Coming on the heels of clips for “Rolla” and “Lansdowne,” the video for “Done Is Done,” directed by Isiah Blake, concludes the relationship arc charted in those previous two visuals. While the early days of a blossoming relationship and its rocky dissolution are the subjects of those videos, “Done Is Done” finds Liza coming to grips with the end of a relationship and finding resolution.

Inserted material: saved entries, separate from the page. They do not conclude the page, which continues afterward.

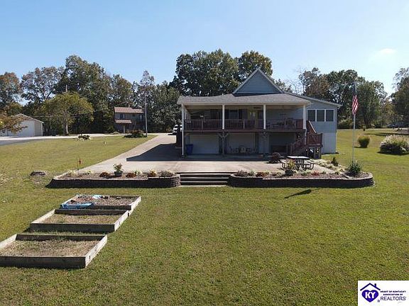 PENDING, SELLER IS ACCEPTING BACK-UPS Want a peaceful cove to swim and park your boat in? Autumn Ridge has just that! A no wake zone keeps these boats from rocking on a holiday weekend or anytime you are down fishing or swimming with the kids. The approximate 1 acre lake front lot has the dock and dock path in view of your covered porch. The spacious layout of this 4 bedroom 3 bath home is just what large families want! No need to be piled on top of each other on a rainy weekend. The unfinished basement can easily convert to a game room, bar and lounge area or more bunks if needed. Vaulted ceilings enhance the gas log fireplace in the living room area on the main floor. Glass doors open to the covered lakeside deck overlooking the dock area below the home. The sellers say they love the LVP flooring in the lake house for its ease of care and durability with fur babies and lots of traffic from grandkids and their friends. Autumn Ridge is a lovely neighborhood tucked away on Rough River Lake near Leitchfield and minutes from the Rough River State Resort Park. Perfect getaway for a busy family wanting some space to unwind. The loft area and a 2nd bedroom add to this over 2,000sq' home waiting to be yours! Don't worry about maintaining this beautiful home. Vinyl siding, a new roof from July of 2023 and covered trex decking make it pretty maintenance free! A lawn service can take care of your GENTLY sloping lake front lot and you just show up and have a great time on Rough River Lake!
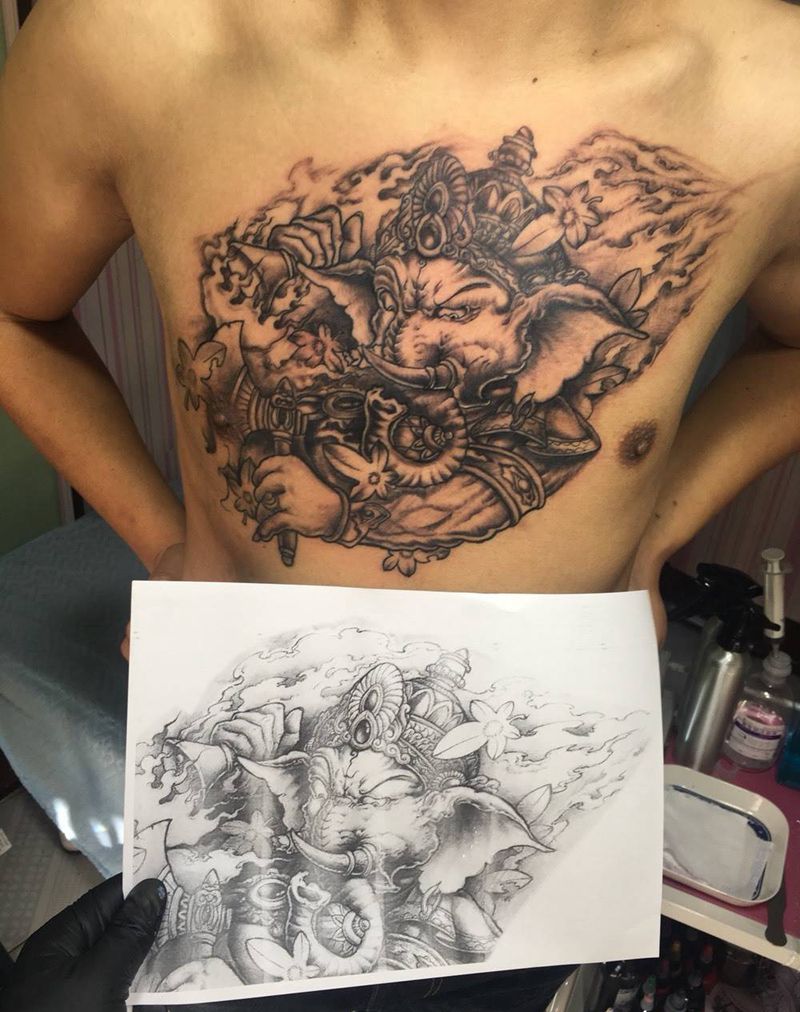 当前位置: 首页 >内蒙古锡林郭勒盟纹身店-青雲刺纹身图案>疤痕遮盖 象神纹身图片
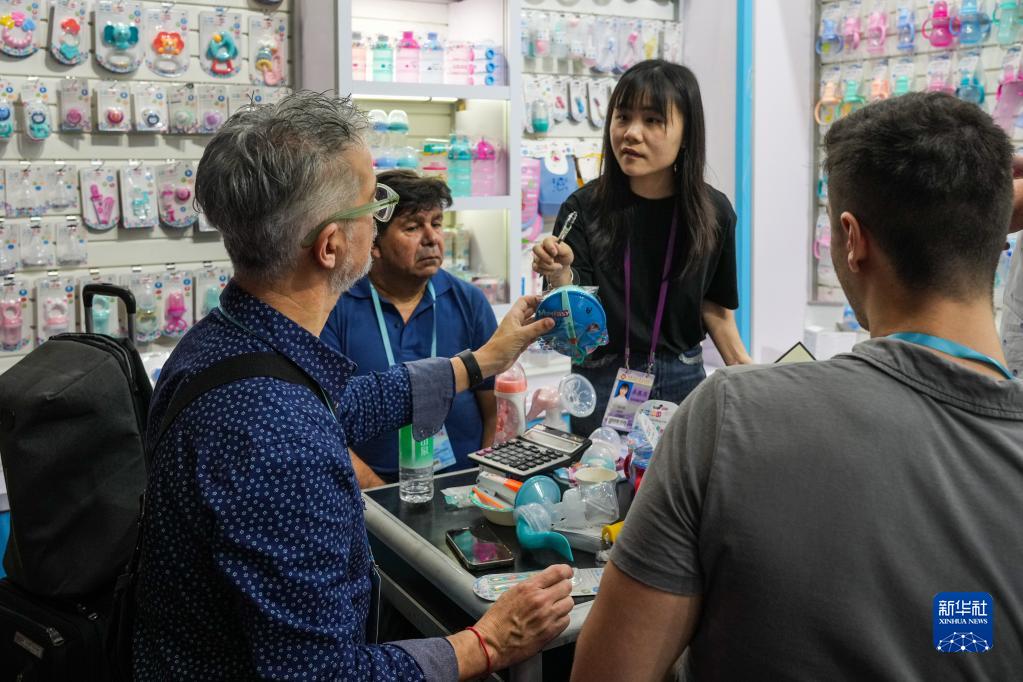 4月23日,采購商在第133屆廣交會(huì )二期孕嬰童展區選購嬰兒奶瓶。

This theme is underlined from the very beginning with the opening title card quoting Nina Simone’s “You’ve Got To Learn” (“You’ve got to learn to leave the table/When love’s no longer being served).

“Through the making of this song, I realized and accepted that even though relationships may come to an end, that doesn’t mean that it didn’t serve its purpose,” Liza says about the song, co-written with Nevon Sinclair and produced by Akeel Henry.

Toronto R&B singer Liza poses against white backdrop

Shot in a church, the video alternates between close-up shots of Liza that convey intimacy and the expansiveness of her surroundings, emphasizing her solitude.

“We chose to shoot in a church to symbolize mourning the death of a relationship, while simultaneously symbolizing rebirth and growth,” says Liza. “In the beginning of the video, you can only see my back as I walk into the church on the lower floor, but by the end of the video I’m above where I used to be and looking straight into the camera, almost as if I found my “higher self.”

While this video, which Liza celebrated with a screening at Toronto’s Paradise Theatre last night, represents the end of one visual story, it also sets the table and anticipation for her next moves.